We just don't have that in the software industry, at least not portfolios that we can legally share or that other employers would trust, so we end up essentially torturing each other with coding tests.

I don't think everyone having a portfolio of open source code is a reasonable ask, but the idea of portfolios, if we could create them, would bring some sanity to our industry's interview practices.

happy-go-lucky|5 years ago

I have been a workaholic all my life and always worried sick about my job to the point of making my family feel neglected. We have all suffered together for years. I am good at what I do for a living, but I have been on tenterhooks all the time to see if my company will show me the door or close down, and now, since neither was ever the case in my roughly 20-year career, I don't know whether to laugh or cry! Currently, I am on a sabbatical to get things in perspective and mend my fences.

bartread|5 years ago

> I have a feeling that there's a silent majority of developers such as myself, that do enjoy programming and have a "passion" for it, but do not let this passion dissuade them from family time, or having more varied down time.

I think you're absolutely right. For me (he said, ironically, whilst responding to a post on Hacker News) it's just not that healthy to spend even more time sat in front of a computer programming away than I did at work.

As it happens nowadays I don't spend that much time at work programming so this does tend to make me more inclined to do so outside of work. But everything has to be in balance: I have family, I have friends, I have other interests. I need to spend time with family, with friends, and pursuing those other interests, otherwise I start to go nuts.

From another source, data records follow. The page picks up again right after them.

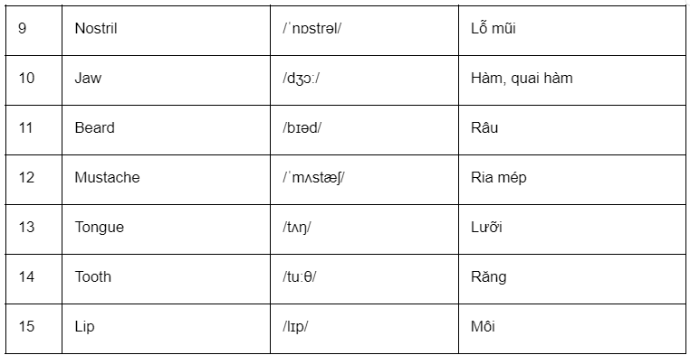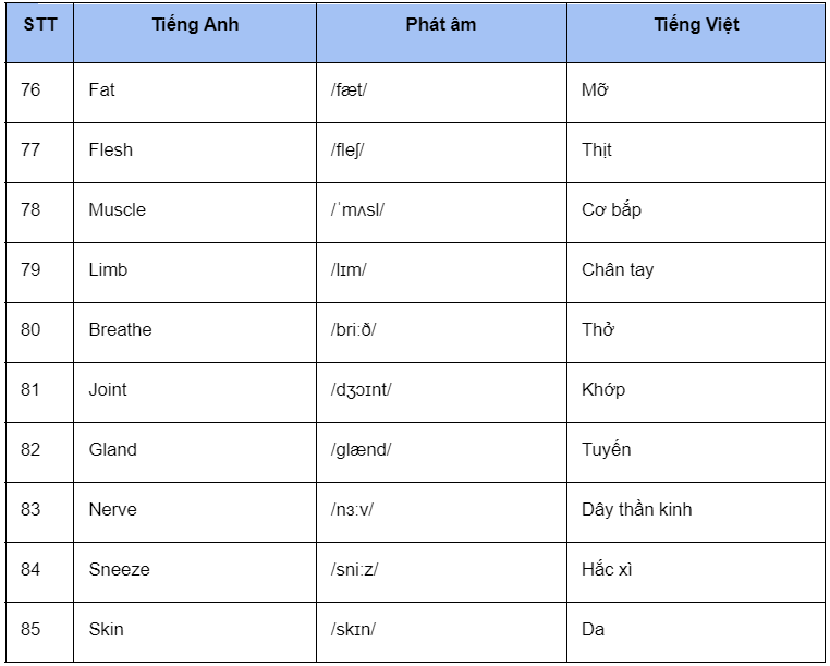 7. Từ vựng tiếng Anh về cơ thể người liên quan khác
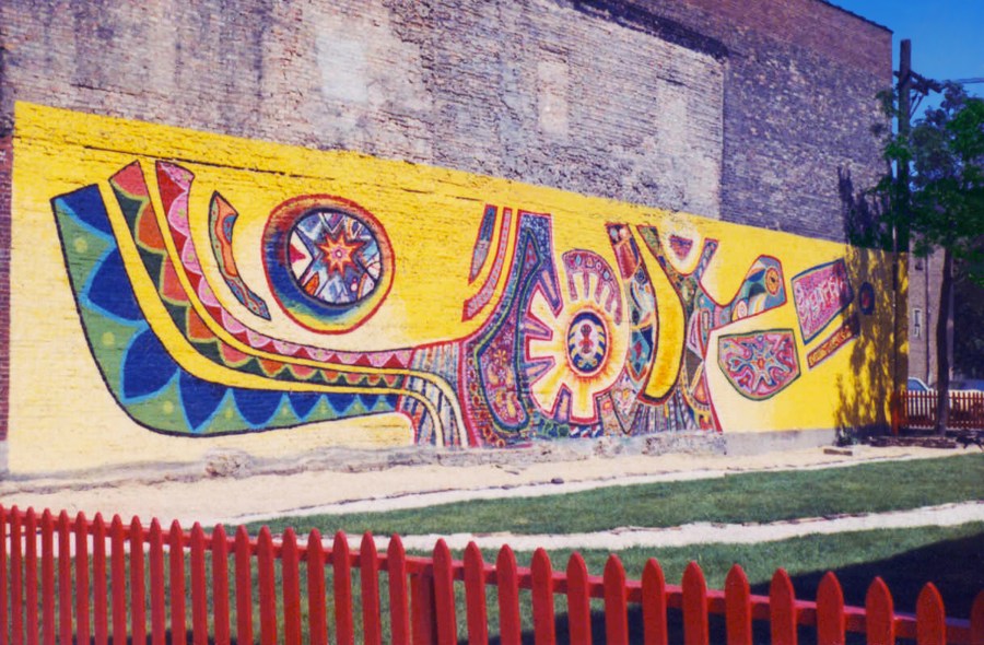 Sadly, this mural was whitewashed only a year later but not erased from history or its incredible influence in Pilsen. Shortly after murals started decorating wall after wall in Pilsen and even doors. This is what the Peace Mural looked like in its time:
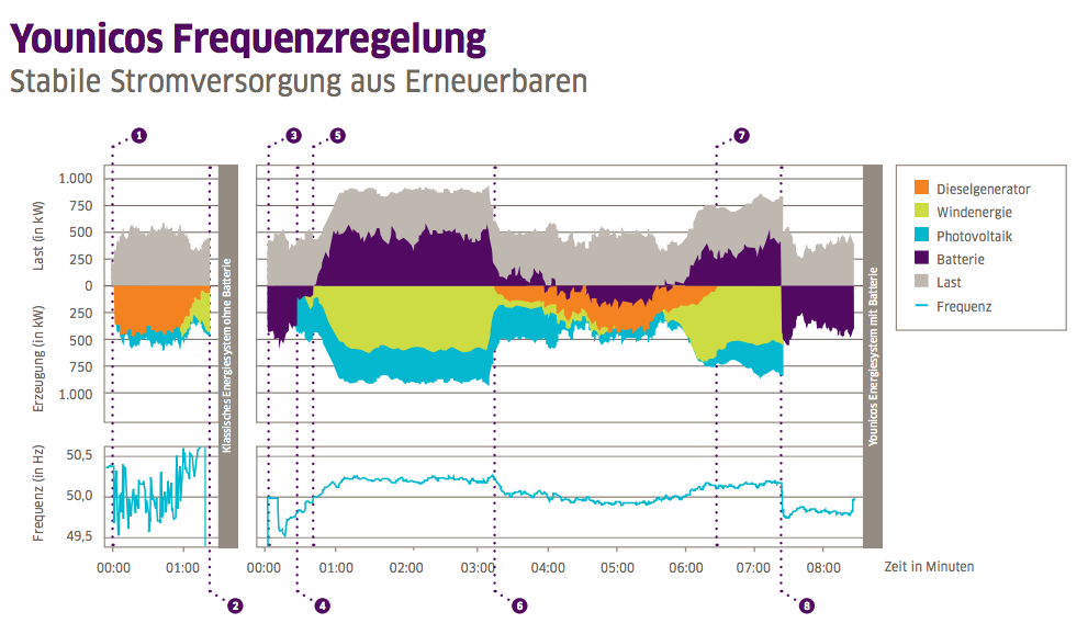 Take a look at these charts from Younicos, a German energy storage startup I recently visited on a cleantech tour of Germany, for a better visual understanding of how battery storage compares to conventional power plants used as backup:
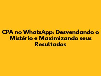 CPA No WhatsApp: Entenda O Significado E Como Usar

So no: I do not have a plethora of OSS contributions, nor will I ever have. My side projects aren't OSS and, at present, I have no intent to make them OSS. I'd need a motivation that I simply don't have in order to do that. Moreover my side projects are things that I find fun, that probably aren't very generally applicable, and that some would see as frivolous - but I deal with enough serious business at work.

In any case the thought of entitled internet randos getting in touch to demand free support because I've written an OSS library, module, or tool that's accidentally become somewhat popular and is now included in other modules and is used by corporations around the world who make tons of money in some tiny part off the back of using it is deeply unappealing.

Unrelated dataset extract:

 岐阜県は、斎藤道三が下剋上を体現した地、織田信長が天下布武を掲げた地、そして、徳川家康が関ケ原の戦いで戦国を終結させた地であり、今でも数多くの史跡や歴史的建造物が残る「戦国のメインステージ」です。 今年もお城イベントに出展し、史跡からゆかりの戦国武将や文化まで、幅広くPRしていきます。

Not that if you want to spend your free time on OSS there's anything wrong with it - far from it. If you love doing it then have at it and more power to you. But we need to dispense with the idea that this is for everyone any more than photography or collecting vinyl is for everyone.

908B64B197|5 years ago

> I wouldn't think of myself as a passionate developer. I have a family, I value my free time. I spend work time growing my skill set as it's required, anything else I do is rarely related.

Clearly you've never met devs that have no passion. They will actively refuse to learn new things and have absolutely no interest in doing so.

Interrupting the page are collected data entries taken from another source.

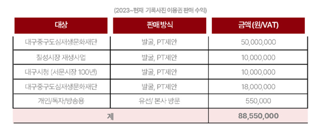 주목할 것은 비즈니스 실현이다. 현재 과거 사진 아카이브는 다양한 사업으로 확장하고 있다. 기록물을 모아 서적으로 출간한다거나 지자체와 각급 기관에 전시, 출판 기획을 제안하는 것이다. 기록 사진 발굴과 스토리 설게로 또다른 관심층을 찾는 셈이다.
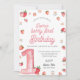 Convite Garota Rosa Morango Berry Primeiro Aniversário
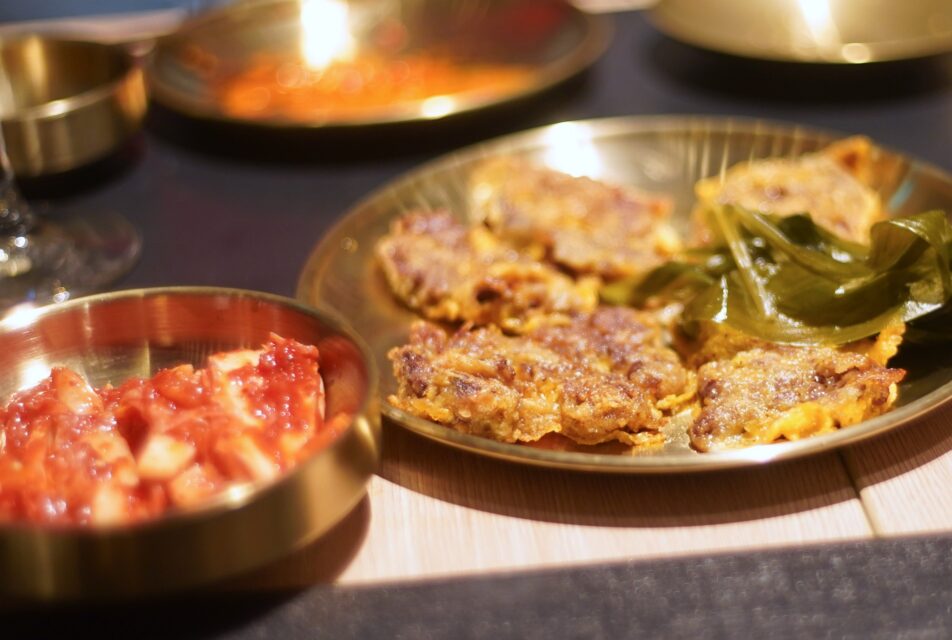 カレー混ぜご飯が石焼となり、薄焼き卵は鍋の縁に沿ってある不思議
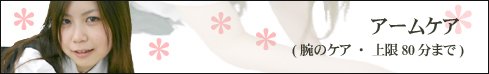 ![]() 腰ケア(腰のケア・上限20分まで) 料金:全メニュー共通・各10分 1500円 新コースとして、腰コースを始めました。 専用の施術ベッドも導入しています。 腕、手、肩、アイケアと組み合わせてご利用頂けます。 組み合わせてご利用の場合は、腕、手、肩、アイケアは通常シートにて施術、腰コースのみ専用ベッドにて施術を行うため、施術中にお部屋を1度移動頂きます。 お気軽に他のコースと組み合わせてご利用下さい。 |
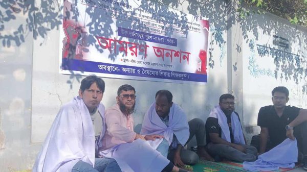 ময়মনসিংহে কাফনের কাপড় পরে অনশনে নটর ডেম কলেজের বহিষ্কৃত ৭ শিক্ষক
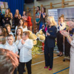 o godz. 11:00 w budynku SP 12 odbyła się część oficjalna obchodów z udziałem zaproszonych gości, którą poprowadziła dyrektor szkoły.

If you look at other professions, growing skills and staying up do date is supposed to be done during working hours and is budgeted for. A lot of 10x I've met were parents and had a pretty strict schedule. Whatever time they had in the office was 100% dedicated to shipping results or growing and they had to be efficient at it because there was no way they would spend less time with their families.

jimbob45|5 years ago

I’ve applied to hundreds of jobs and I can count on one hand the number of times my GitHub was looked at.